[Date Prev][Date Next][Thread Prev][Thread Next][Date Index][Thread Index]
Re: [creduce-dev] Making creduce more parallel
How are the passes / reducers structured right now? If we can generate
all of a pass's potential reductions up front, then they can be
inserted into the queue in a random order to reduce the likelihood of
conflicts. If the passes don't separate generating a potential
reduction from testing it, then we may need to refactor more.
Let's talk about the line reduction pass at granularity 1 (each variant
is created by removing one line). We're running it on a 1000-line file.
The search tree here has 2^1000 leaves, so we certainly don't want to
try to generate all variants up-front.
What we can do is speculate: assume the variants are unsuccessful
(statistically this is the right guess) and now we only have 1000
variants, so that is feasible, but not particularly fast since we're
manipulating ~50 KB of text. Worse, this line of speculation becomes
more and more out of sync with the current best reduction, assuming that
some line removals succeed -- so merge conflicts are going to start
The upshot is that while the coordinator can run ahead, it should run
only far enough ahead that the queue doesn't empty out.

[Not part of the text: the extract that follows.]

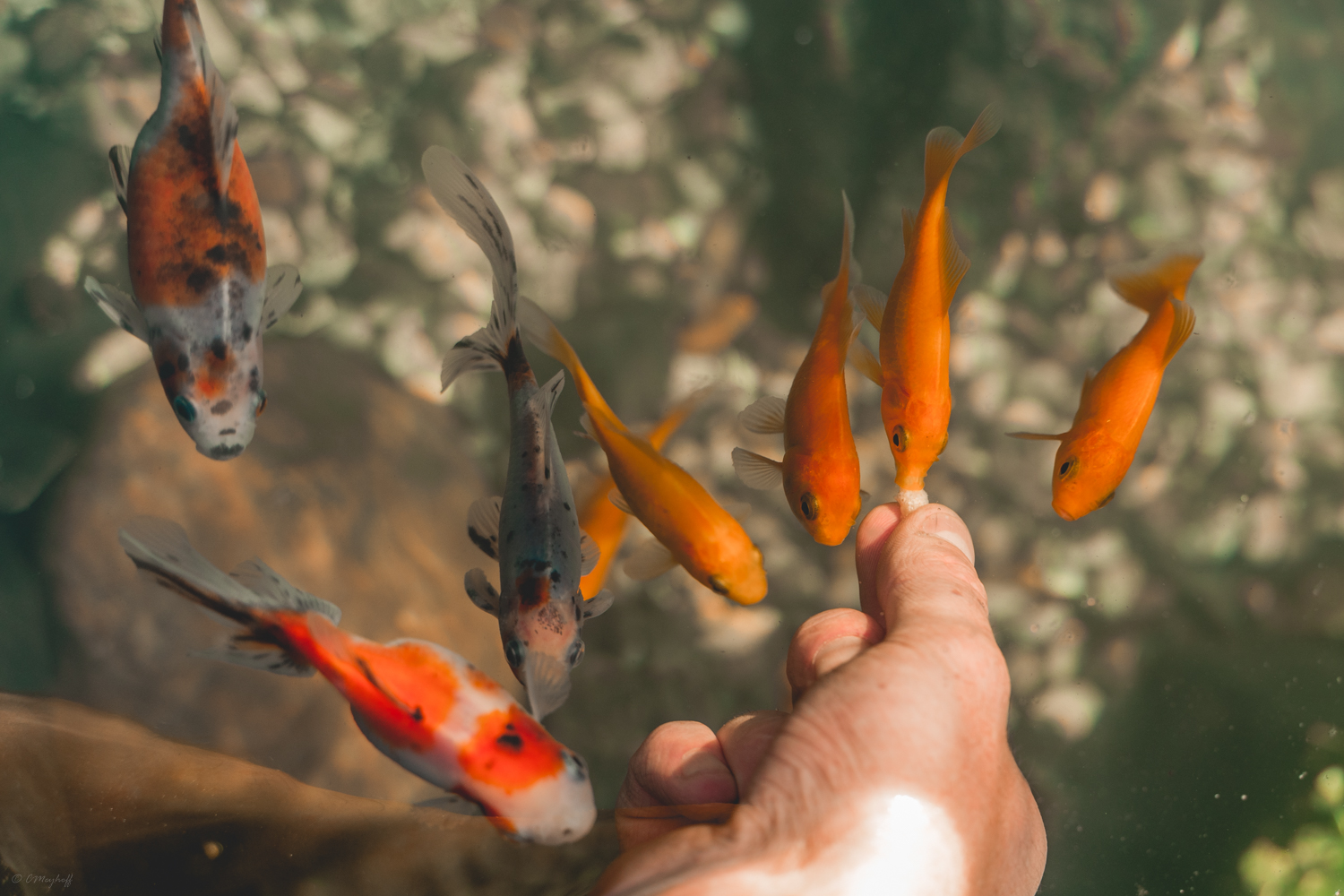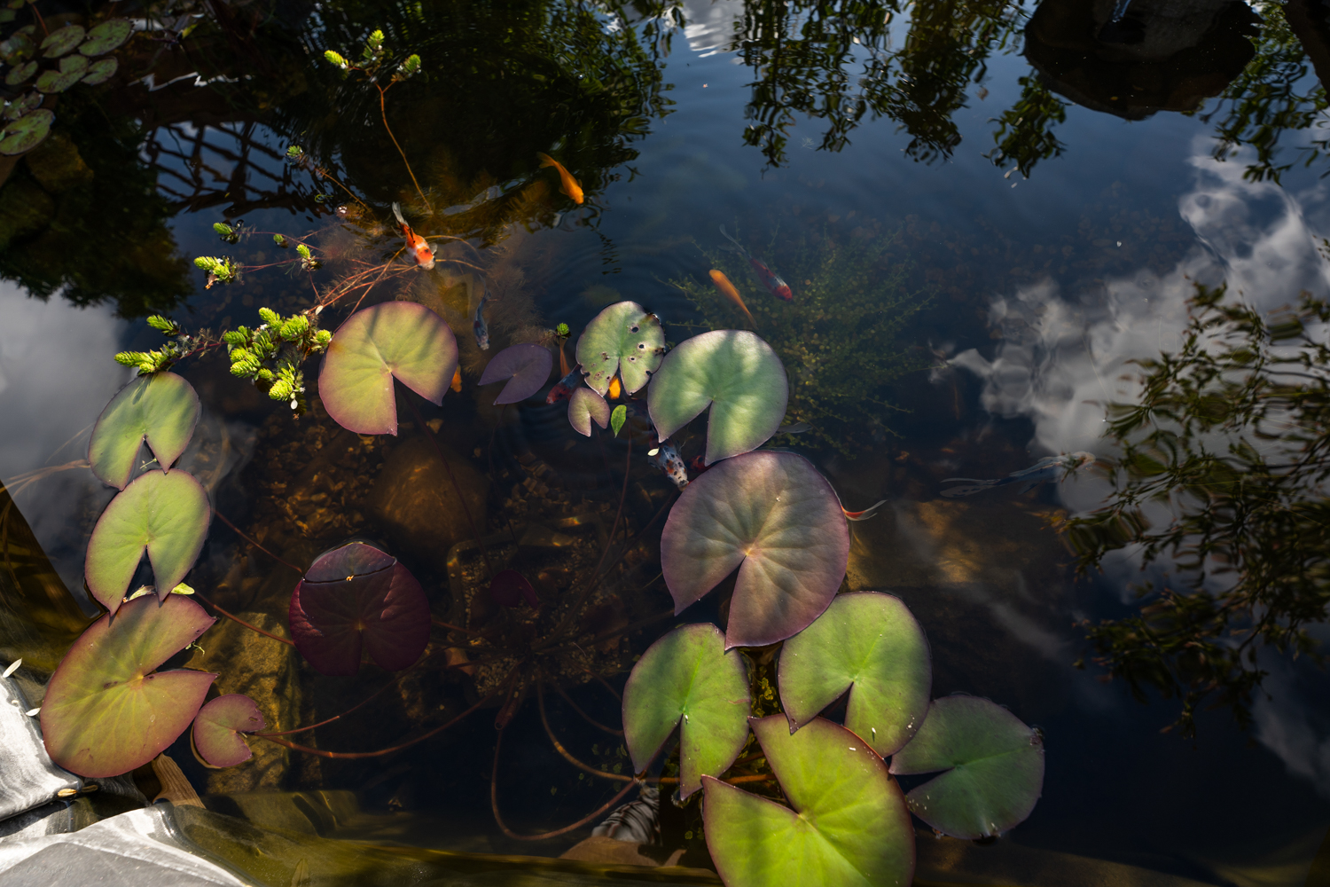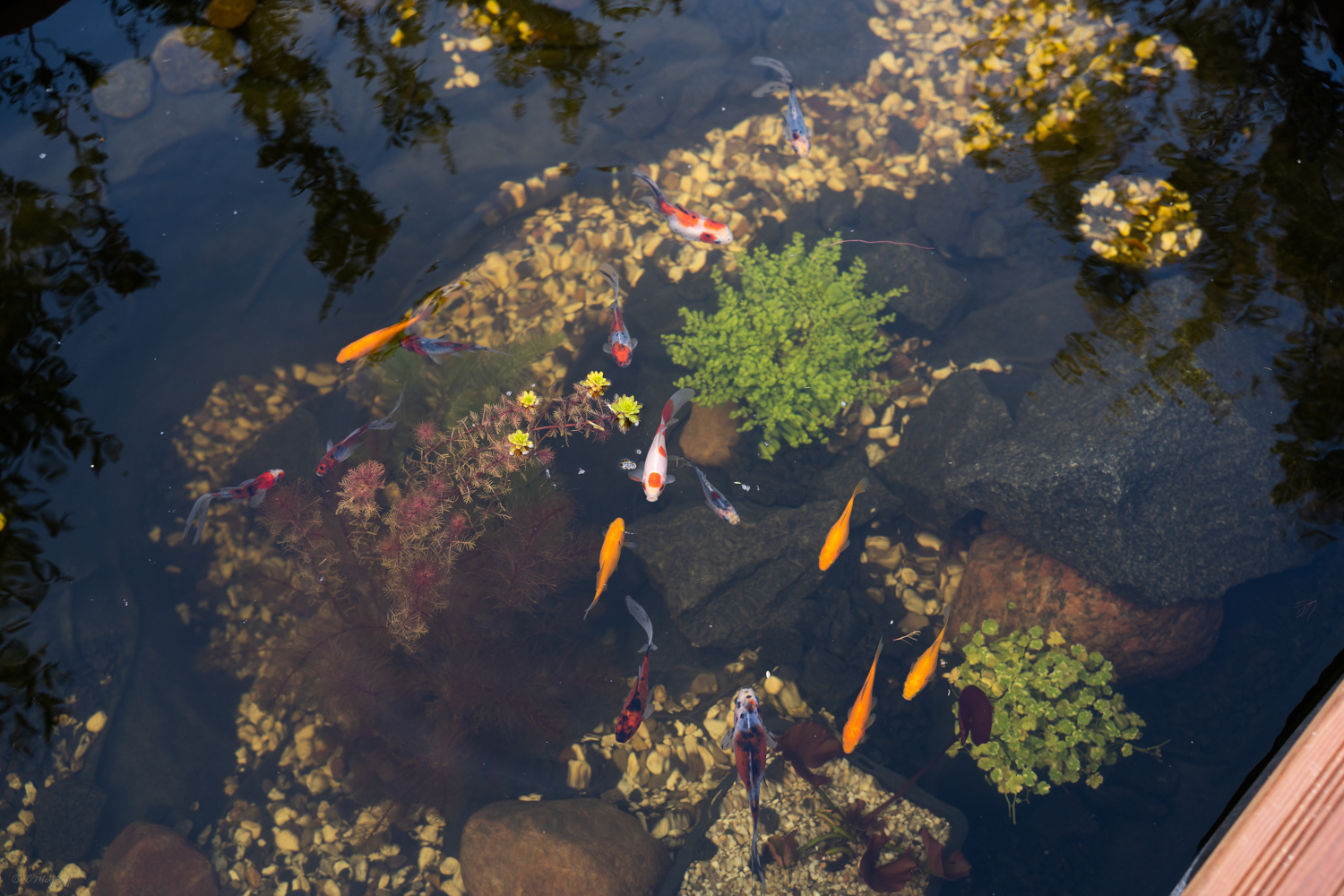 De er næsten hånd tamme og ser ud til at trives. Pumpe og filter blev et trykfiltersæt af mærket Aquaforte, hvor der ligger en pumpe på bunden, som sender vand op til filteret der står ved siden af bassinet, inden vandet bliver sendt retur.

The API for a C-Reduce pass is purely functional. The pass takes a
current test case and a pass state object, and either produces a new
variant + pass state or else says that it has no more variants to
generate. This API is not designed to facilitate picking random variants.
However, a quick hack to get a random variant is to just repeatedly
invoke the pass a random number of times. This is not fast but it'll
get things off the ground with very little effort. Some experimentation
will be required to determine how this parameter interacts with the
likelihood of merge conflicts.
I was imagining that the "orchestrator" process would spawn worker
threads that spawn-and-wait on interestingness processes and use
CSP-style channels to comminucate with the main thread that owns the
queue. This would leverage the modularity of passes that
generate potential reductions and of the interesting test.
Something like this diagram:
I was planning on prototyping in Rust, which has channels in its
standard library. Python's `queue.Queue` should also be able to handle
If you have other suggestions, I am all ears.
This sounds fine, the only suggestion I have is that you might consider
using a network-friendly mechanism for the orchestration in case we
wanted to see how reduction across multiple machines works. Or at least
design things so that this isn't difficult if anyone wants to try it out
I would suggest that you start out dealing only with one or two passes,
perhaps the line remover and the token remover. These do some heavy
lifting, hopefully never crash, and are always easy to understand.